Briefly

And yet, gays still support Queers for Palestine: Israel, the only country in the Middle East that protects gays’ civil rights, rescued a gay Israeli Arab from his family after they kidnapped and beat him. Oh, and they arrested his family on kidnapping charges. But sure, go protest against Israel. Because the Ramallah Gay Pride Parade is going to happen any century now.

Nukes for the whole Middle East! On the heels of the Iranian Bushehr reactor going online, we have Hassan Nasrallah calling for Lebanon to get a nuclear power plant, and Egypt finalizing the site of its first nuclear power plant. All right, Obama! Your strategy is working just fine, if your strategy was to bash Israel over nukes while turning a blind eye to the rest of the Middle East getting nukes. No way this ends well.
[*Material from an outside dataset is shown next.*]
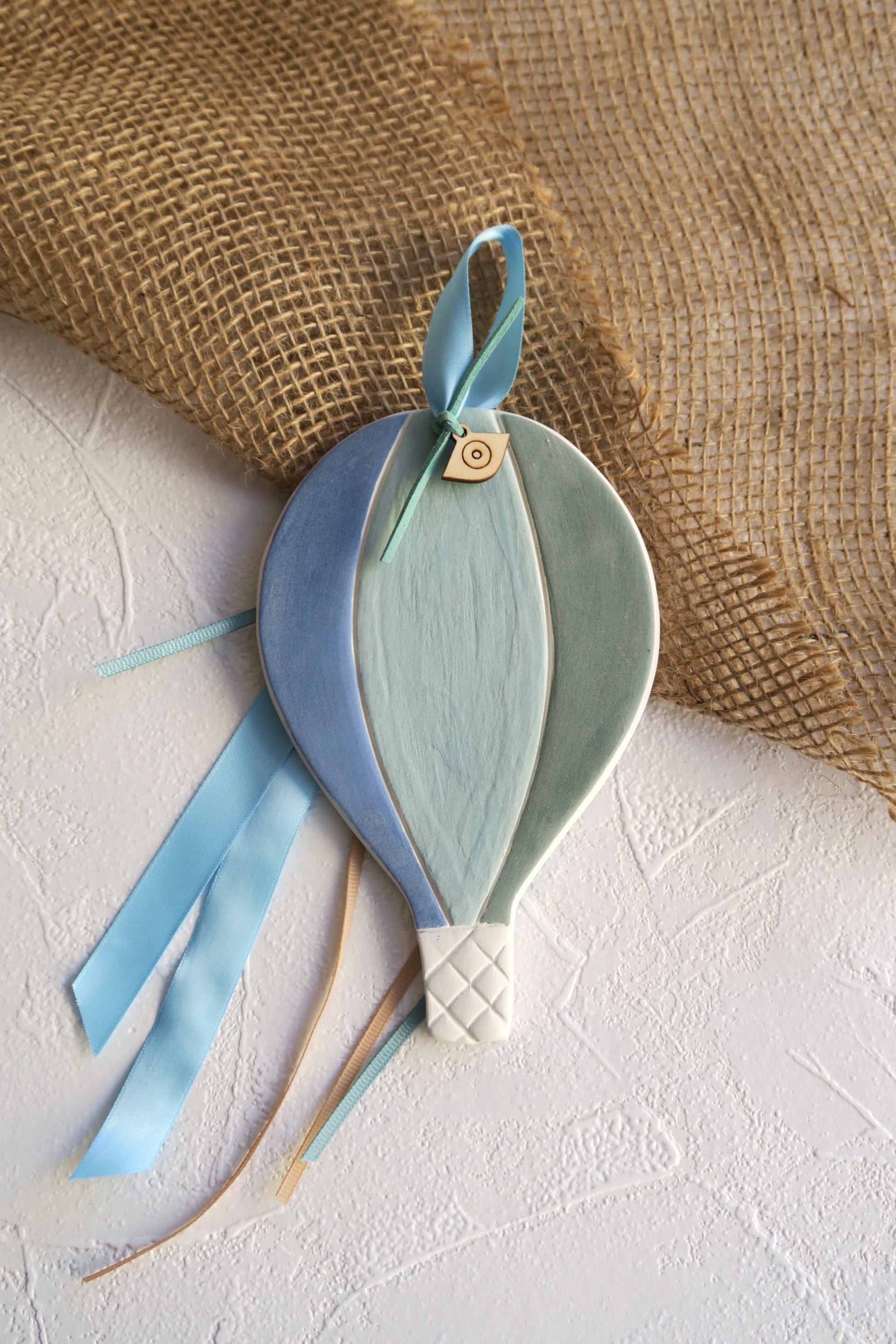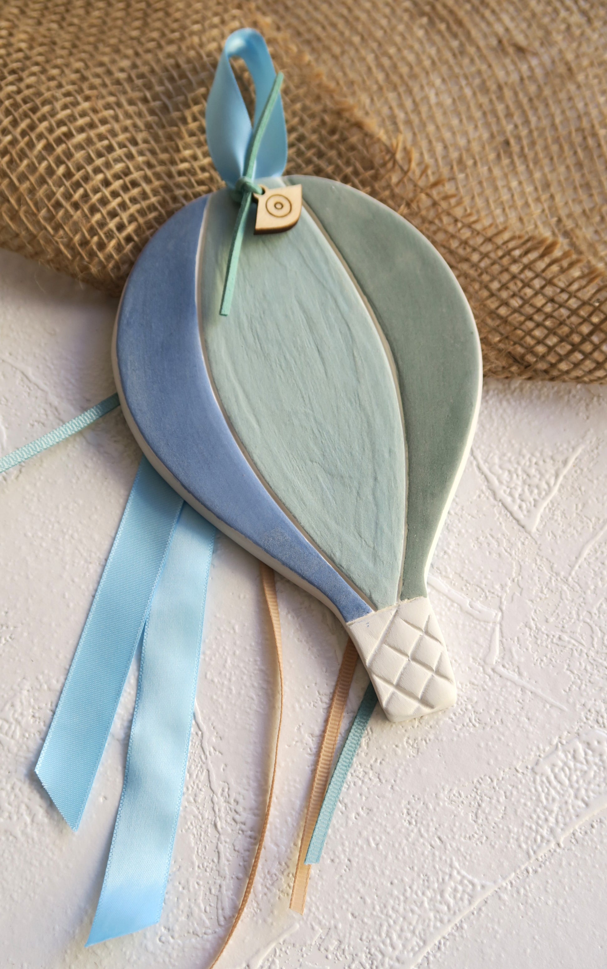 Διακοσμητικό κεραμικό αερόστατο σε γαλάζια απόχρωση.

Is she dumb, stupid, or all three? Catherine Ashton is defending the organizer of the weekly Bilin protests against the separation fence as a “human rights defender.” The richest part of the statement? Ashton says the imprisonment is “intended to prevent him and other Palestinians from exercising their legitimate right to protest against the existence of the separation barriers in a non-violent manner.” Non-violent? Puh-leeze. Google “If it’s Friday, this must be Bilin” on my site and see how many hits you get. Let’s see. Broken leg. Stoning. Defending terrorists (and stoning). Riots. More stonings. And that’s just a cursory search. Say, Cath—“nonviolent”? I don’t think that word means what you think it means.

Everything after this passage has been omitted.